* What is expected:
Below is a listing. Write out exactly its lines between the one holding "Contains: Test-tubes, Magic" and the one holding "cenando en el Mobil-Home", inclusive.

* Records:
######

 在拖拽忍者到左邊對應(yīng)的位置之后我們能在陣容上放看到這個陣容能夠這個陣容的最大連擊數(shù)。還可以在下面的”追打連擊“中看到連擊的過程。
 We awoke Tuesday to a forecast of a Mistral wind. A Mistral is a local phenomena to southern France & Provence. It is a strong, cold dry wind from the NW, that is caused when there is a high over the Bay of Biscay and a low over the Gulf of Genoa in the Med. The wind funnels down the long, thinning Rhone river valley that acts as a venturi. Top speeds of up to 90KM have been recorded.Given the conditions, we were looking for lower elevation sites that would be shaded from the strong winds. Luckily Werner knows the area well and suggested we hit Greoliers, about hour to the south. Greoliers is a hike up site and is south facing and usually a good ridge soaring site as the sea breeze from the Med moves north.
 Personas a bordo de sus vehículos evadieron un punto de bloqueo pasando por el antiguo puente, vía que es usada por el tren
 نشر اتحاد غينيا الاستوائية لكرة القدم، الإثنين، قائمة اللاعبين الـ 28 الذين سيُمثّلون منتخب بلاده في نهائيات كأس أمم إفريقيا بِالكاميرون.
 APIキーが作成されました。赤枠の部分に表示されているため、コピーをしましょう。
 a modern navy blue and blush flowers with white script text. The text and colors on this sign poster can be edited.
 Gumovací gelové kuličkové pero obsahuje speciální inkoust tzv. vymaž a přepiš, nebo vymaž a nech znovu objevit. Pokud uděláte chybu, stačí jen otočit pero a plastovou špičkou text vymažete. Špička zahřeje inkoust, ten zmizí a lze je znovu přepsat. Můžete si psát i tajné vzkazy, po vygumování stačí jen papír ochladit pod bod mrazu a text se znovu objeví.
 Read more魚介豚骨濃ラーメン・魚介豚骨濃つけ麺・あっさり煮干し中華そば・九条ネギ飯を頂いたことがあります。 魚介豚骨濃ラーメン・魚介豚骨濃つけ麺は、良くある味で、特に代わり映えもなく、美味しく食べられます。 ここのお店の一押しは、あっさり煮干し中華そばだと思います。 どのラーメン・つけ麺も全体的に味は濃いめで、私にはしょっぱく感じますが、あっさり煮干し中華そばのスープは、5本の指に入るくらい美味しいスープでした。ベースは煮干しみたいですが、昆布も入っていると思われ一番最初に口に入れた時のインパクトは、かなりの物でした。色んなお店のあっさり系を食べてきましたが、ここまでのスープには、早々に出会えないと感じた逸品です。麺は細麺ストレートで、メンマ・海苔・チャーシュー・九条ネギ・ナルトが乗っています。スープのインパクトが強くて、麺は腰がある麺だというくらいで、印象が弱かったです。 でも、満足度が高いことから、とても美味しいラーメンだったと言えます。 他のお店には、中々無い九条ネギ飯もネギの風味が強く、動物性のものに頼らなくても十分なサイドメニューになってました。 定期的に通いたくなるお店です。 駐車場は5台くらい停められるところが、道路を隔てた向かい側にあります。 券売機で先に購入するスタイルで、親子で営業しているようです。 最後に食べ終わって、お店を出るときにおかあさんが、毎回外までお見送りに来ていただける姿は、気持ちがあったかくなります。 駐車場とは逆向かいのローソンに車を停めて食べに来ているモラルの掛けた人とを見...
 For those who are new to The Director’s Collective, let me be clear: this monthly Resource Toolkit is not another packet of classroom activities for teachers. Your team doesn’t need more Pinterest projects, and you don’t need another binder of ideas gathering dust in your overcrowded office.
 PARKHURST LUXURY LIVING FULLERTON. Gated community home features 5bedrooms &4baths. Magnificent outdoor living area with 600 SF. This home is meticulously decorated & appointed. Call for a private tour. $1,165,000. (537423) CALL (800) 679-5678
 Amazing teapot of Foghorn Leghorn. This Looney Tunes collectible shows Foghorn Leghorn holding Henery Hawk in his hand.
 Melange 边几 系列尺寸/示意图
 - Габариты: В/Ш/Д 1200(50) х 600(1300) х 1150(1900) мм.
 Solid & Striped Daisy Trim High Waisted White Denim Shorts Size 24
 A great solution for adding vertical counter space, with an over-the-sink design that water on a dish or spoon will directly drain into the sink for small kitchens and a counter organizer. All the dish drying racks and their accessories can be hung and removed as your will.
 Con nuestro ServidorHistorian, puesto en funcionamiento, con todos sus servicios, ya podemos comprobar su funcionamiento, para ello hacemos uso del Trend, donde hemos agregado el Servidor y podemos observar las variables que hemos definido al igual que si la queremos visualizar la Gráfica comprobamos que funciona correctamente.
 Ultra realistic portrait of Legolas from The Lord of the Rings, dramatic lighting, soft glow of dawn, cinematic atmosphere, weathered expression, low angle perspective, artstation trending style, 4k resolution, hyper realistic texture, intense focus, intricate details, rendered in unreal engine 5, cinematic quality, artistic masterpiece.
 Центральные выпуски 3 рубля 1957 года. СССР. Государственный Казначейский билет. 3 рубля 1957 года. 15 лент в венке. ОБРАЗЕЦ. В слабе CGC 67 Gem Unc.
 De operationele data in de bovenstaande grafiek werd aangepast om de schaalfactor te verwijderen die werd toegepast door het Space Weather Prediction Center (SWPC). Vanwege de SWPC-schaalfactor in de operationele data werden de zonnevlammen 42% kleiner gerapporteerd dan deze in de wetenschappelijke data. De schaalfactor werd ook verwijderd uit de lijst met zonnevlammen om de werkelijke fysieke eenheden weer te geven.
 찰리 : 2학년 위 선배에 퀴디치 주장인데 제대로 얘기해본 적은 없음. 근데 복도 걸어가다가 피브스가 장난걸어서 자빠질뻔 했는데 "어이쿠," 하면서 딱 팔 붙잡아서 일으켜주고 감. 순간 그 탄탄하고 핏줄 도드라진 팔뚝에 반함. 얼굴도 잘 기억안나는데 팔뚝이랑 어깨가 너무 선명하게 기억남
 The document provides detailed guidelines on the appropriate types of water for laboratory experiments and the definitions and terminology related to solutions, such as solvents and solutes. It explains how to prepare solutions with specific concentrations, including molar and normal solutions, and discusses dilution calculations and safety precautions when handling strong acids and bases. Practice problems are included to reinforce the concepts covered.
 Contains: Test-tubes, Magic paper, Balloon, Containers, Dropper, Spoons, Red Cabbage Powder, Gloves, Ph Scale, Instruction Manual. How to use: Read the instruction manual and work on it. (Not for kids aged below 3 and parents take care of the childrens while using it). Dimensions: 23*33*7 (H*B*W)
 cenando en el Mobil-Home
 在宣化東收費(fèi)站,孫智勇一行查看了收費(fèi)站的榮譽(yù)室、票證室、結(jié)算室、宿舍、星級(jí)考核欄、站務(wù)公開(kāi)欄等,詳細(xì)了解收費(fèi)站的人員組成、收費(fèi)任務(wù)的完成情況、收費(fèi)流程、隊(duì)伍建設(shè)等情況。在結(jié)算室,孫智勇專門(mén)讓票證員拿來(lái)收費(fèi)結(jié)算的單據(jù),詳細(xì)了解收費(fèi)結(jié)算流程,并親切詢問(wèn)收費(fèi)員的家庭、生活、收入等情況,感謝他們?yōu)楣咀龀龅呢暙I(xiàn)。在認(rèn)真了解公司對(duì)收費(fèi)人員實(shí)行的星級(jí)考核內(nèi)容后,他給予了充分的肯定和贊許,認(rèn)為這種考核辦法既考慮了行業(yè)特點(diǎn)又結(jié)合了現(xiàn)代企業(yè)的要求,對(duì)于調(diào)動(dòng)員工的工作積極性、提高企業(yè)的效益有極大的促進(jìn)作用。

######

* Response to this task:
 Contains: Test-tubes, Magic paper, Balloon, Containers, Dropper, Spoons, Red Cabbage Powder, Gloves, Ph Scale, Instruction Manual. How to use: Read the instruction manual and work on it. (Not for kids aged below 3 and parents take care of the childrens while using it). Dimensions: 23*33*7 (H*B*W)
 cenando en el Mobil-Home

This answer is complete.